5.4 Crowdsource Hacks
- To initiate crowd-sourcing for a class of 150 computer science students we can
- Divide the class into groups: Depending on the size of the task, divide the class into smaller groups of 4-5 students each and define the problem or task: Clearly state the problem or task you want the students to solve or contribute to
- We can also Set up a platform and Choose an appropriate platform, such as GitHub, Google Drive or a project management tool, for the students to collaborate and submit their work, furthermore we will Assign each student a specific role such as a project manager, researcher, developer, or designer.
- Provide guidelines: Provide clear guidelines and instructions for the students on how to collaborate, communicate, and submit their work
- Regularly monitoring the progress of the students and provide feedback and guidance where necessary. Another important task we can do is evaluate the submissions based on the guidelines and criteria provided, and provide feedback to the students.
- Crowd-Sourcing for our fitness program.
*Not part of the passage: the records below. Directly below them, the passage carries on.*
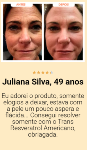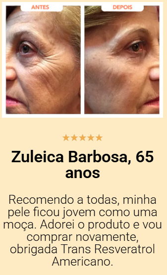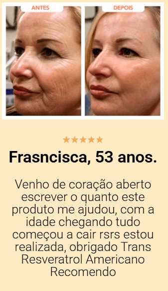 O tratamento Trans Resveratrol Americano + Vitamina K2 é aprovado pela ANVISA e possui uma fórmula exclusiva para eliminar as rugas, marcas de expressão, pés de galinhas e bigode chinês de forma natural. Várias marcas no mercado brasileiro estão se passando por TRANS RESVERATROL AMERICANO, só que não fornecem resultados esperados para os clientes, então saiba que se você usar um produto realmente americano suas rugas e marcas de expressão literalmente desapareceram em no máximo 90 dias!
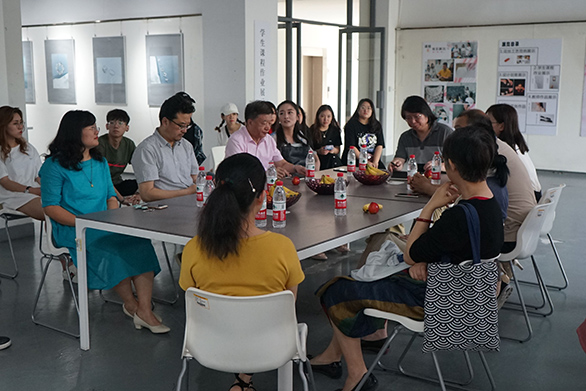 与会专家在会谈中,肯定了授课教师的工作付出,对于展览的成功举办表示祝贺。专家从不同层面谈了今后的意见和建议。党委宣传部部长康健讲到,学校要大力支持鼓励基础教学,多方联动,为学生打造精品课程。教务处处长孙磊讲到,这样一个基础课的训练,对材料的认识,对手工艺的感知,对传统手工艺的集合,都会有明确的学习目标,学生在这样的课程当中一定收获很多,对水平的提高有极大的帮助,他谈了三点体会,一是高水平的老师才能培养出高水平的学生。二是传统工艺美术回归生活,回归到更多元化的一个角度,通过和审美的高度结合,更多地走向多元化和多样化。三是打造高水平的课堂,打造高水平专业,以学生为中心,以成果产生为导向,支持学院打造金课。团委书记邹晓红希望进一步加强沟通,通过创意市集的活动和课程结合,给学生提供资金支持,将学生的作品放在学校创意市集上售卖,助力传统工艺发展。网络信息管理中心主任韩青讲到,希望以后能够和现代手工艺术学院进行合作,在专业上进行专业性录制和编辑,制作精品课堂让更多人去了解手工艺。
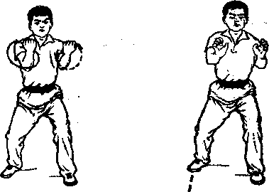 技击要领*当对方用拳掌向我正面攻击时,我迅疾向左 转身以两掌分别左格、右按,阻挡其攻势,并随即上步逼远
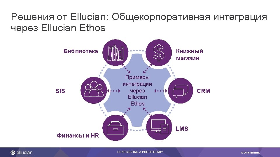 Ellucian’s Solution: Enterprise-wide integration via Ellucian Ethos Library Bookstore SIS CRM LMS Finance & HR CONFIDENTIAL & PROPRIETARY © 2018 Ellucian
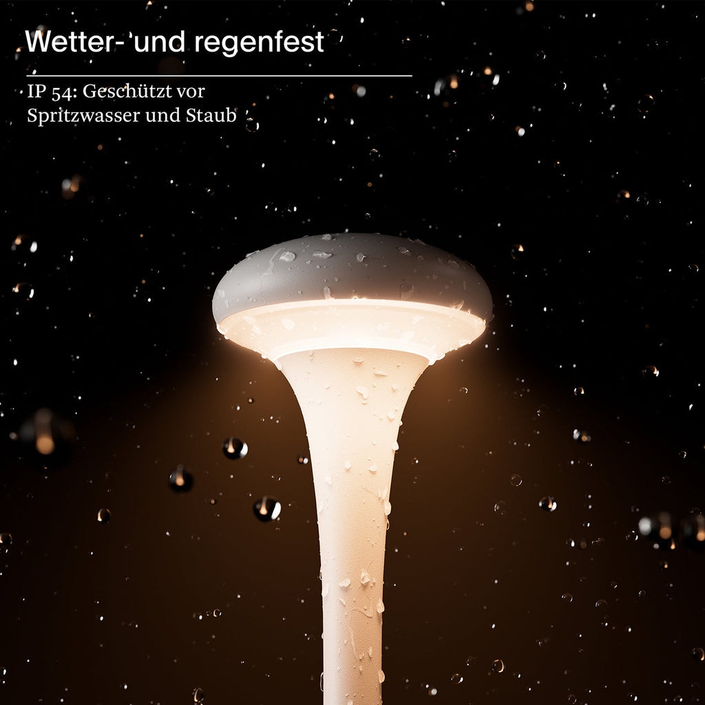 Innen & Außen: Die dimmbare Akku-Tischleuchte für den Wohn- und Außenbereich hält dank Schutzart IP54 (spritzwassergeschützt) auch Regenschauer aus.
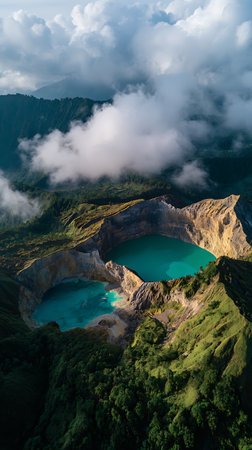 Stunning aerial view showcases Kelimutu's two crater lakes, Flores Island, Indonesia. Turquoise waters contrast sharply with the dramatic volcanic landscape and lush green vegetation.
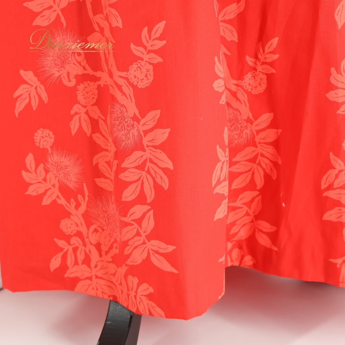 フラダンス 衣装 ワンピース ドレス レッド系 フラ ダンス マーメイドライン ハワイアン レフア柄 長袖 赤 アロハ 軽い MermaidLine MMJ 日本製 鮮やか 華やか 花柄 ②
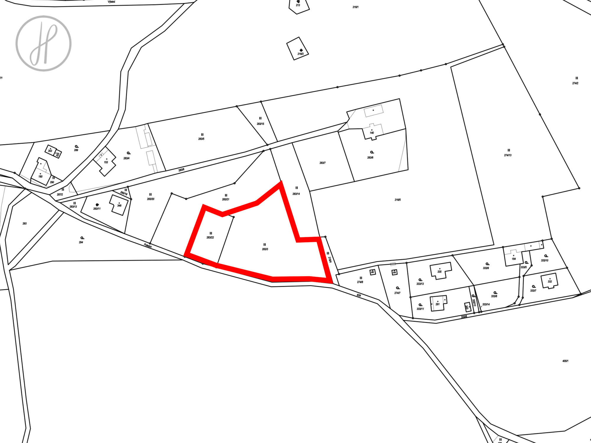 - 4 348 m2 (p.č. 283/3): v územním plánu vedeno jako krajinná zeleň a travní porost.
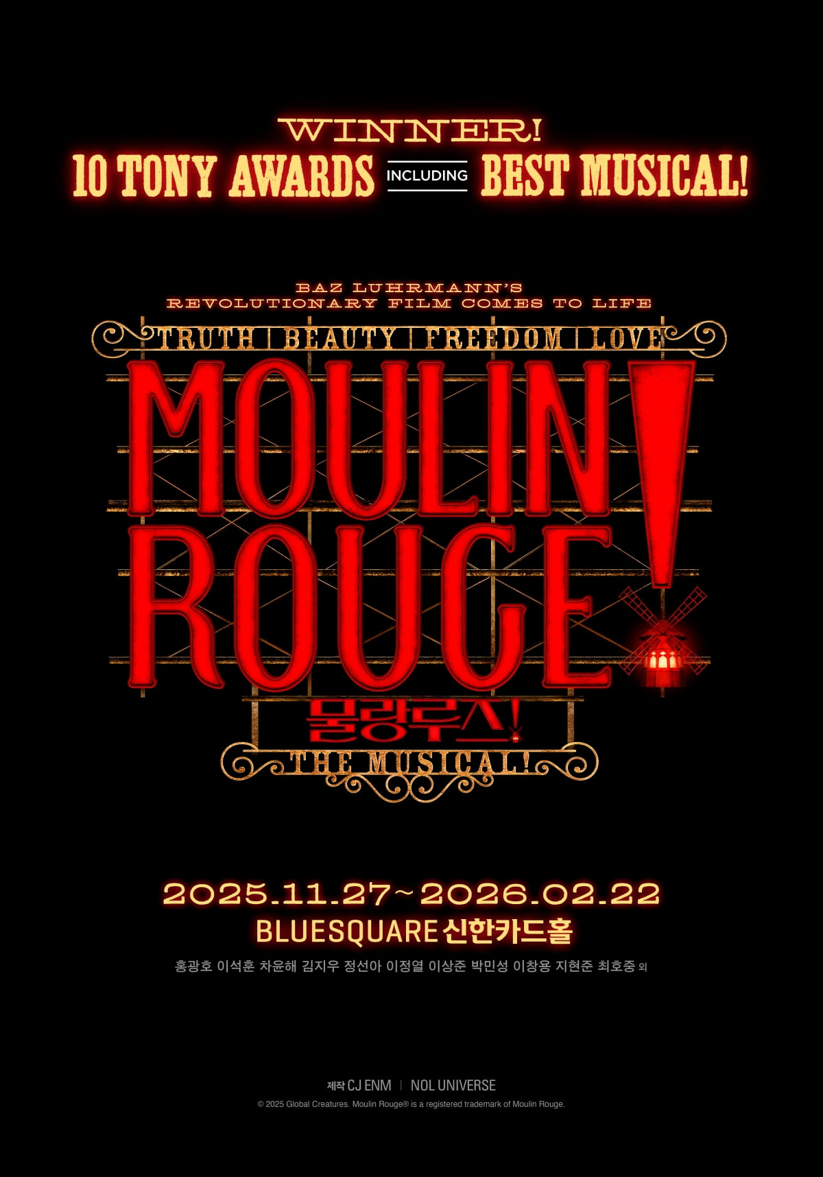 오는 27일 개막하는 뮤지컬 '물랑루즈'는 2001년 개봉한 바즈 루어만 감독의 동명 영화를 원작으로 한다. 최고의 스타 '사틴'과 무명 작곡가 '크리스티안'의 운명적 만남과 헤어 나올 수 없는 사랑 그리고 '몬로스'와 엇갈린 관계를 거울처럼 비추는 삼각관계를 다룬 작품이다.
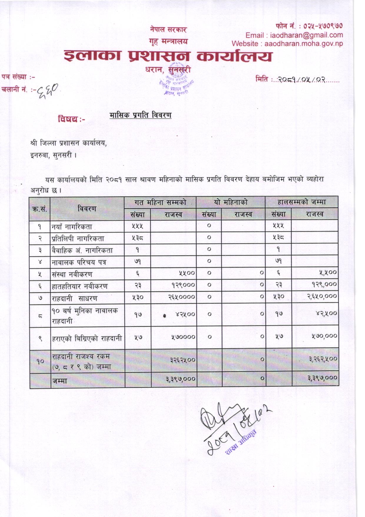 आ. ब. २०८१/०८२ श्रावण महिनाकाे मासिक प्रगति विवरण
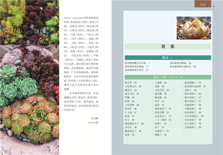 本书共分40部分。第一部分概述,分别介绍多肉植物概念与术语、养护基础、养护月历、繁殖和病虫害防治等多肉植物栽培要领;第2~40部分分别介绍龙舌兰科、番杏科、景天科、芦荟科、仙人掌科等39科1200多种多肉植物。各科和较大的属都简要地介绍该科(属)多肉植物概况和共性的内容;各种多肉植物都有其学名、别名、分类地位和识别要点介绍。书中采用1800多张彩色照片,直观地体现了各种多肉植物的形态特征;对相似的品种还简要地介绍区别要点。
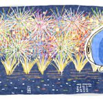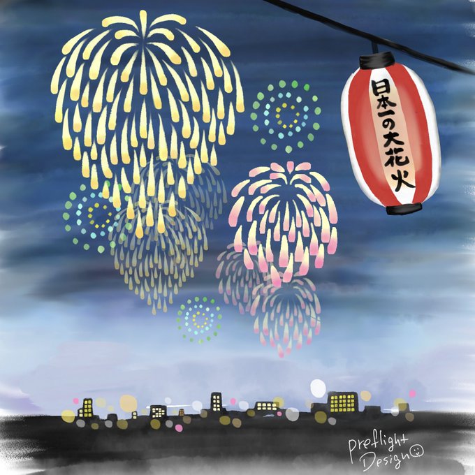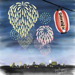 #長岡花火大会 のイメージイラストを描いてみました。 夜空に上がる花火と、信濃川の対岸に見える街の明かりが、とてもとても、美しかったです。 #adobefresco #イラスト #illustration #長岡花火 #新潟県

To implement crowd sourcing in a fitness tracking web app we can:
- Encourage user engagement: Provide incentives for users to share their fitness data, such as challenges, rewards, or recognition on a leaderboard.
- Collect and store user data by Creating a database or use an API to collect and store user-generated fitness data, such as workout routines, progress, and other metrics.
- Implement data sharing features: Allow users to share their fitness data with others, either through social media integration, direct sharing with friends, or by making it public to all users.
- Analyze the crowd-sourced data to provide insights, generate personalized recommendations, or create a community-wide analysis of trends and patterns.
- Foster a community by encouraging users to engage with one another and provide resources such as forums, discussion boards, or messaging systems to facilitate collaboration and support.